Co-authors:
- Peter Roescher: https://github.com/peterroescher
- Judith Kaptein: https://github.com/judithrk
- Make sure you have python 3.4 installed (might work with later versions)
- Make sure you've installed all the required libraries listed in requirements.txt. Install these using
pip3 install -r requirements.txt
- Create the NLP config using
cp nlp.config.example nlp.config
- Fill in the NLP Api key you can acquire via Wit.AI
- Create the Weather config file using
cp weather.config.example weather.config
- run conversation_start.py using
python3 conversation_start.py
Poppy uses conversations and commands to communicate with the user.
When you first start Poppy Poppy will ask you a couple of questions to save some basic user information
After Poppy is ready for use it will listen for your command. Currently this is "Hello Poppy"
After which you can enter a command. At the time there are 2 commands.
"What day is it today?"
"Whats the weather in [location]"
Currently Poppy fully supports two languages and one in a basic stage Dutch (Full support) English (Full support) Turkish (Basic support)
Setting the locale is a 3 step process. Poppy has a language setting, the NLP module has its own language setting and the TTS has its language setting. All these aspects need to have their translations and settings set to the language in order to work.
The commands are executed whenever an intent is linked with this command. A command can be a simple task or it can spark a conversation.
Commands are defined in CommandCentre/commands.py
and need to implement the Command
class.
The execute()
method is called whenever the CommandCentre
gets an intent that is linked with this command.
Implement the RequiresResponse
to pass the response the IntentHandler
generated along to the command.
It can then be accessed via the self.response
property.
Commands are free to do whatever and can be used to start other conversations, generate data, speak to the user or whatever you desire.
Conversations are basic question-answer structures that are developed to get information
from the user and lay information back to the user depending on the answers they provided.
A conversation therefor requires information and uses questions to get this information. Required information can be defined in the self.required_properties
property.
A required property can be coupled to a question, there's an example below:
A conversation must extend the Conversation
class.
The start
method is used to get the first question from the conversation. It returns a Question
class or a EndOfConversation
class
required_properties = {
'name': AskForName
}
Poppy will use the AskForName class to get the name property filled.
Poppy will ask the question and listen to the users response. It will try and get an Intent back from the Natural Language Processing engine.
Once it got the intent back it will try and put it back in the conversation to get a contextual response.

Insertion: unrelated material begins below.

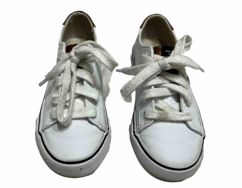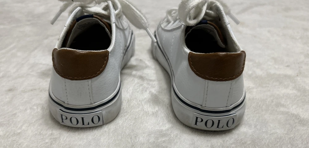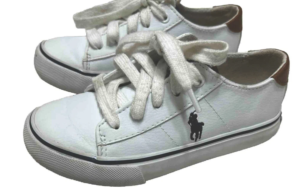 These Polo Ralph Lauren sneakers are a classic addition to any kid's shoe collection. With a round toe and lace-up closure, they provide both comfort and style for any occasion – whether it's active play or casual wear. The white fabric upper features the iconic embroidered pony for a touch of sophistication, while the rubber outsole ensures reliable traction. Perfect for walking and school activities, these unisex kids' shoes come in size 11 US/10.5 UK/27.5 EU and have a standard width. The low-top shoe shaft style and canvas lining and insole material make them suitable for all seasons – winter, summer, fall, and spring. Don't miss out on the chance to add these Polo Ralph Lauren shoes to your kid's wardrobe!

To interpret the intent in the conversation you'll need to create a method with the intent name and prefix it using intent_
example:
def intent_give_name(self, response):
return QuestionContextBuilder.new(
type=Confirmation,
current_question=AskForName,
next_question=self.next_question(),
intermediate_text=_("From now on, ill address you as %s") % response.name
)
Where give_name
is the intent name.
This method will then return a contextual response. In the example above it will ask the user to confirm his or her name and once
the answer has been confirmed it will use the intermediate_text to confirm the answer back to the user. The current_question
parameter can be used to repeat the question or do additional logic.
The next_question
property will be used to start the next question in the conversation.
A contextual response can be one of many things but as of now there are only a few namely:
Confirm
Success
AskForRepeat
Confirm
will ask the user to confirm an answer provided, this is handy when personal information needs to be correct.
Success
will just continue the conversation
AskForRepeat
will prompt the question to get asked again
All these contextual responses are handled and managed by the ConversationHandler
class and the contextual responses are created by the conversation class using the QuestionContextBuilder
A question is used to fetch information from the user. It is a very simple class that implements the Question
class.
The ask_question
method is called and it returns a string.
The FreeAnswer
class may also be extended when the question doesn't require an intent but the answer may just be the full answer given by the user.
Keep in mind, an answer with an intent is always preferred.
The TTS module is very simple to use. It uses Google's Text To Speech SDK but can be changed because the TTS module uses a strategy pattern.
To use the TTS module you'll import tts from the TTS package and use the say()
method with the string as first and only parameter
Here's an example
from TTS import tts
tts.say("Hello world")
Above example will say Hello world.
The TTS creates an mp3 file and stores it in /resources/audio/tts_result.mp3
it'll overwrite everytime you use it.
To set the language you need to change the USE_TTS_LANGUAGE
in config.py
The NLP module handles the communication with the Natural Language Processing engine. It too uses a strategy pattern. And can be replaced.
Though the NLP is a vital part to get input it isn't used that much as a module since the data it provides is useless without context.
The IntentHandler
is the class that provides this context. It will listen for microphone input and store it in /resources/audio/microphone-results.wav
It will upload the audio using the NLP package and get a formatted response back. The WitAIResponse class is responsible for doing this.